5 Productivity Hacks That Do More Harm Than Good
#2 Heavy dependency on To-Do lists
Productivity is a hot topic today. If you see/hear about a hack that will help you improve your productivity, the chances are high that you will try that.
I’ve experimented with most hacks out there and found that a vast majority of them didn’t work for me. Instead of helping me improve my performance, some of them, in fact, made it worse. I ended up prioritizing and focusing on the wrong things and missed important ones.
I have realized that productivity and focus are quite personal and contextual. What works for you may not necessarily work for me. In fact, at times, they may work against me. Yes, there are some universal fundamental truths and best practices, but most of the things you see and read aren’t those.
Let’s look at some of these productivity hacks that may work against you.
#1 Getting to Inbox Zero
Your inbox is others’ to-do list for you.
It is very easy for me to send a note to my colleague with a request and then follow it up with another request. An almost seamless way of moving tasks (and ownership)around. However, for the receiver, this task adds up to an existing mountain of tasks that they may have.
When you aim for Inbox Zero, you imply that you will, no matter the importance, give time to all these tasks. Even if that means just looking at those and ignoring them. It isn’t easy to look at a trivial email and ignore it without thinking about responding. So you unknowingly or unwillingly end up spending time on these emails.
If you look at my work inbox today, I have more than 1750 unread emails.

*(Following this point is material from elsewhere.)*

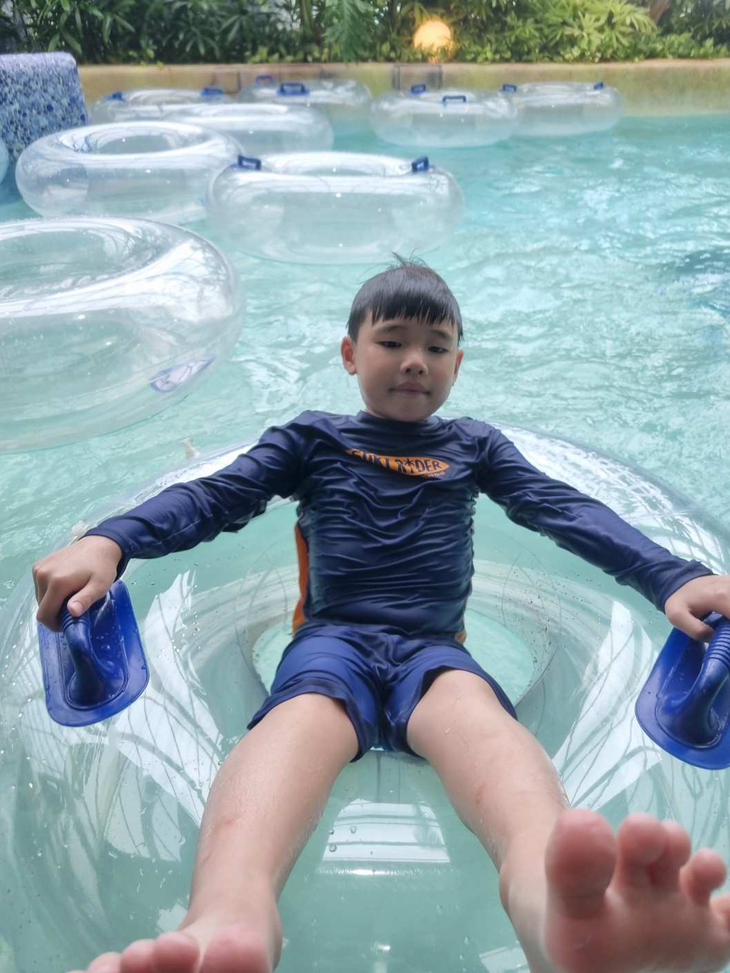 리조트 수영장에서 튜브놀이

On my personal Gmail, that number exceeds 30,000. I will not spend even a second on an email that doesn’t need to be there in the first place. Trust me, if it is important, it will find its way to me.
#2 Heavy Dependency on To-Do lists
Before you think I am crazy, let me explain.
To-do lists are great. In fact, I use them quite often. I am referring to plain vanilla to-do lists that lack any context or reference whatsoever. You get a task, add it to your list, get it done, checked off, and tackle the next task. This cycle continues forever.
The problem with this approach is that it treats most tasks as equal, which can be a huge issue. For example, sending a critical follow-up reminder to a client has the same importance as RSVP’ing to a company weekend outing. Your brain gets an equal amount of dopamine hit while checking off either from the list. So technically, you are productive but just with the wrong stuff.
A framework that is prioritized and contextual works way better.
#3 Hyperscheduling your day
Does your calendar look like a world cup final football (soccer) stadium?
If yes, trust me, you’re doing it wrong. Hyperscheduling your day leaves you exasperated and can create some interesting consequences. Calendar impingement is real and happens when you have back-to-back meetings that stretch and creep into the next one. You will end up compromising on the quality of meetings and, more importantly, the sanctity of your calendar.
Keep open spaces between your meetings. To ensure that others don’t block that time, you can place a busy block. Treat this as your free time, which you can utilize to complete your other tasks. If not, maybe just take a break or go for a walk.
Give your calendar some breathing space and avoid calendar impingement.
#4 Blindly copying some influencer
Productivity is highly personal and contextual.
What works for your favorite influencer may not work for you, and what works for you may not work for someone else.
It is important to internalize that and create your own system. Understand some basics and core principles and build on top of that (e.g., avoid multitasking, distractions, etc.)
The influencer you follow has themselves gone through a journey to reach where they’ve come. Remember that they’ve struggled as much (or even more than) you have when they got started.
#5 Getting a digital tool for everything
Tools are great and can be of great help in your productivity journey. They can be the support that you need and not your productivity system.
One of the biggest mistakes we can make is thinking of tools as a panacea. Instead, they are designed to solve specific issues and help with a particular part of your execution.
Whenever you hear about a new tool, before rushing to download it, take a step back. Evaluate whether you’ve downloaded a similar tool in the past and how it worked out for you, figure out if it makes execution more complex than it needs to be, and more importantly, how it will fit into your system. You may still decide to download and try it out. Not a problem at all, but make sure that you reflect on it before doing that.
Before you know it, the tool that was supposed to simplify your productivity ends up derailing it.
- Let go of Inbox Zero and focus on relevance and priority.
- Create to-do lists that are contextualized and prioritized.
- Add some breathing space to your calendar.
- Create a system and execution methodology specific to you and your context. Avoid blind copying.
- Think twice before downloading the latest productivity tool.